1. A multi-dictionary remote sensing image space-time fusion method based on maximum posterior is characterized by comprising the following steps:

step 1, classifying training images, comprising the following substeps,

step 2, learning a multi-class dictionary, comprising the following substeps,

step 5, mixing t_1+nLow resolution image of time, and t₁And (3) taking the difference of the low-resolution images at the moment as an input image, repeating the step 3-4 to obtain a reconstructed high-resolution image L22, and adding the two images L21 and L22 for averaging to obtain a final reconstruction result.

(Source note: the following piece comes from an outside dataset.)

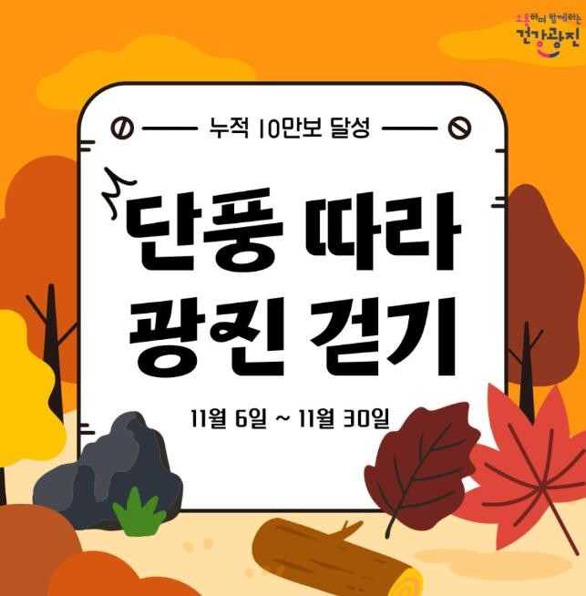 참여 방식은 총 2장의 사진을 올리면 된다. 지역내 단풍길에서 산책 중인 모습과, 누적 걸음 수 10만보를 기록한 인증 사진을 ‘광진구보건소 운동교육실’ 카카오톡 채널에 전송하면 된다.
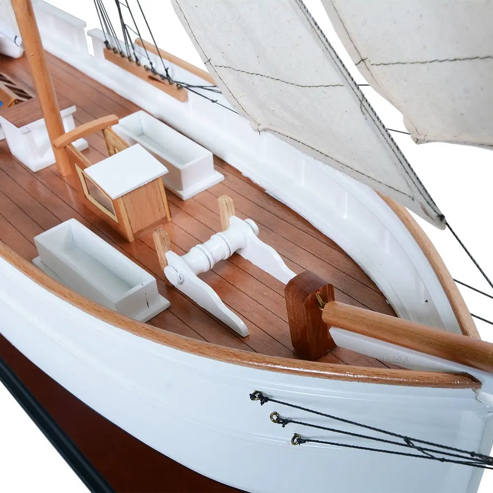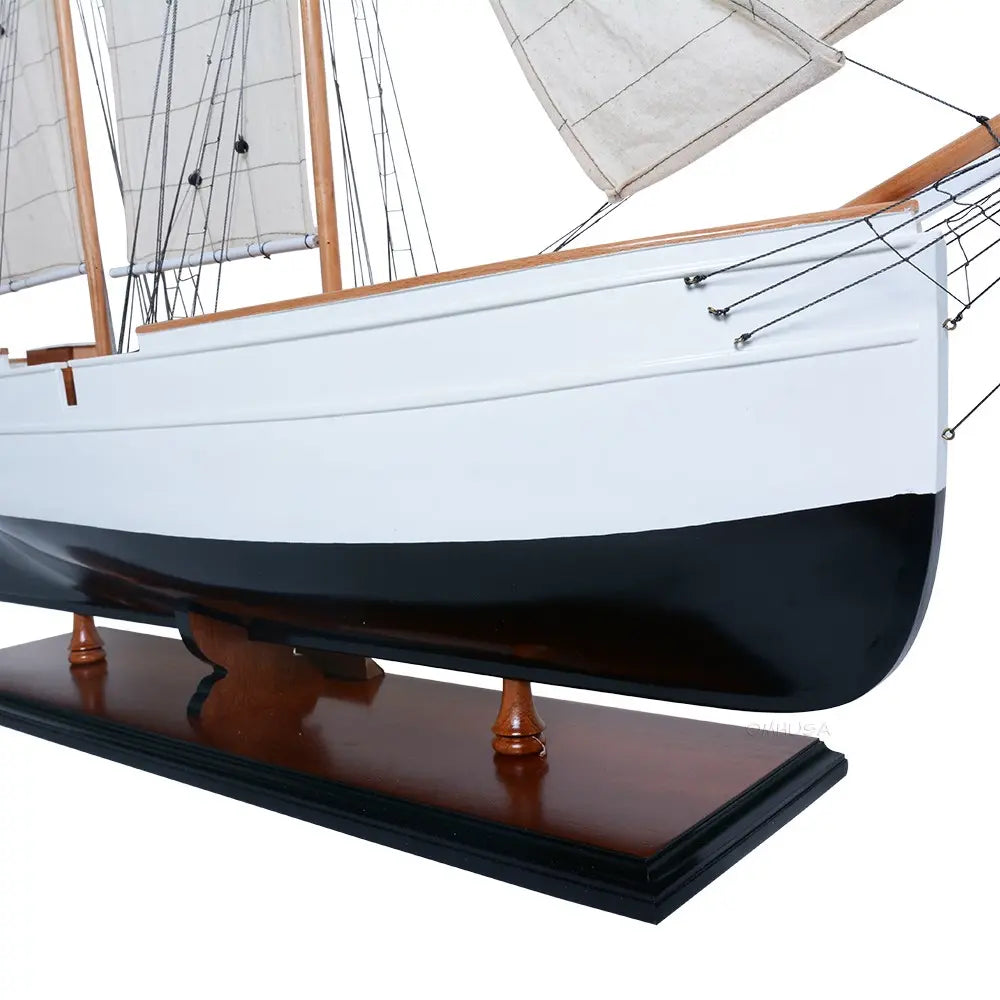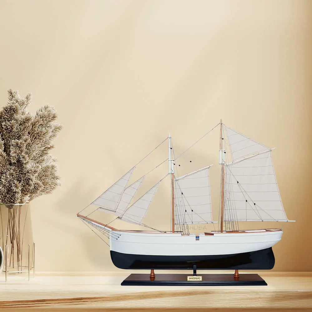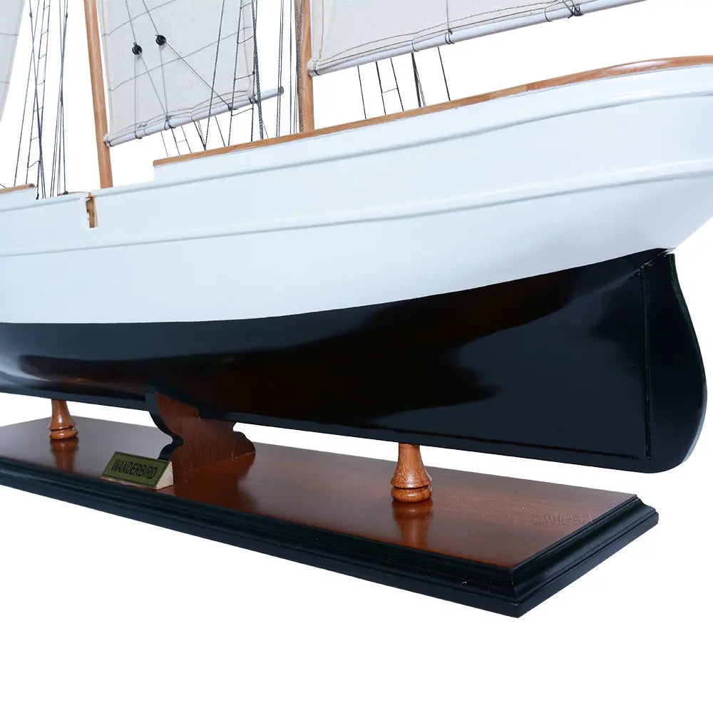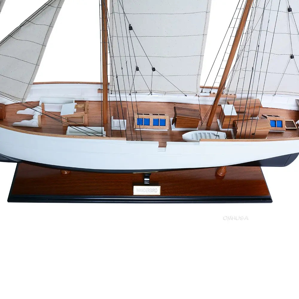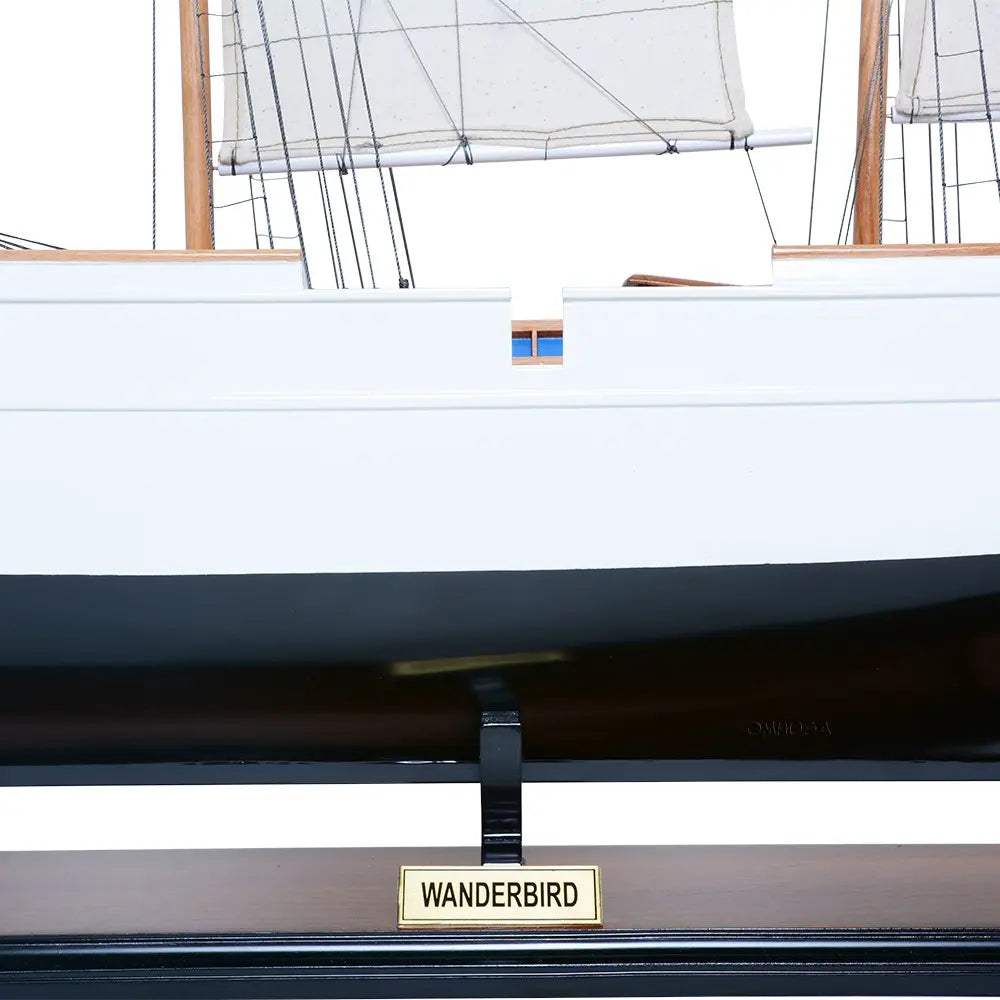 Crafted from solid mahogany wood and painted in an elegant white and dark navy (nearly black), the WanderBird model features exquisite detailing—metal steering wheel, skylights, deckhouses, intricate rigging, full cloth sails with stitched seams, and a beautifully inlaid wood deck. It is mounted on a polished wooden base with a metal nameplate, making it an ideal centerpiece for your home, office, or maritime collection.

2. The maximum a posteriori based spatio-temporal fusion method for multi-dictionary remote sensing images according to claim 1, characterized in that: in the step 2.3, a high-low resolution dictionary pair belonging to each class is trained for each class of training sample matrix by adopting a K-SVD method in the following way,

x＝Dα (1)

overcomplete dictionary

D＝{d₁,d₂,…,d_N}∈R^M×N(2)

Coefficient of sparseness

α＝{α₁,α₂,…,α_N}^T∈R^N(3)

Wherein M and N are rows and columns of the dictionary matrix respectively, wherein M is less than N, each column in the dictionary matrix is called a dictionary atom d, N dictionary atoms are shared, and the dimension of each atom is M;

where λ is a regularization parameter used to balance sparsity and reconstruction errors of the sparsity-represented signal, | α | | survival₁Is 1₁Norm, representing the sum of absolute values, | | Z-Da | | non-conducting phosphor₂Is represented by₂Norm, Z ═ Y; x]Y is a high-resolution training sample matrix, X is a low-resolution training sample matrix, and both X and Y are subjected to normalization processing; d ═ D_I；D_h]，D_I，D_hRespectively, low-resolution dictionary and high-resolution dictionary, D^*,α^*Expressing a dictionary and a sparse representation coefficient obtained after optimizing the right side of the equation;

d. updating the kth column of the dictionary:

d_jColumn j in the dictionary;

③E_kof which only the k column of the dictionary is reserved

The term after the product of the medium non-zero positions forms

④ pairs

3. The maximum a posteriori based spatio-temporal fusion method for multi-dictionary remote sensing images according to claim 1 or 2, characterized in that: in the step 3.3, each pixel point adopts the maximum posterior probability method to select the category of the pixel point dictionary group, the realization method is as follows,

the pixel value of a certain pixel point in the known input image is x_mnUnder the condition (1), m and n are coordinates, and the posterior is calculated under the assumption of each dictionary group through a Bayes formula (5)And (3) probability, taking the maximum posterior probability as the final dictionary group of the pixel point, wherein the Bayesian formula is as follows:

p (x) when calculating the maximum a posteriori probability_mn) Without involving in the calculation, the formula (5) can be converted into the following formula,

wherein, I represents the category of the dictionary, for an input image I, the image size is MxN, and pixel values x of all pixel points in the image are taken out_mnWherein M is 1, 2.. times.m; n is 1,2, the dictionary type I is obtained through the formula (6), and the same pixel points of I are combined together to form the image block I of the I-th dictionary_i。

4. The maximum a posteriori based spatio-temporal fusion method for multi-dictionary remote sensing images according to claim 1, characterized in that: the simple coarse classification described in step 1.2 is a binary classification.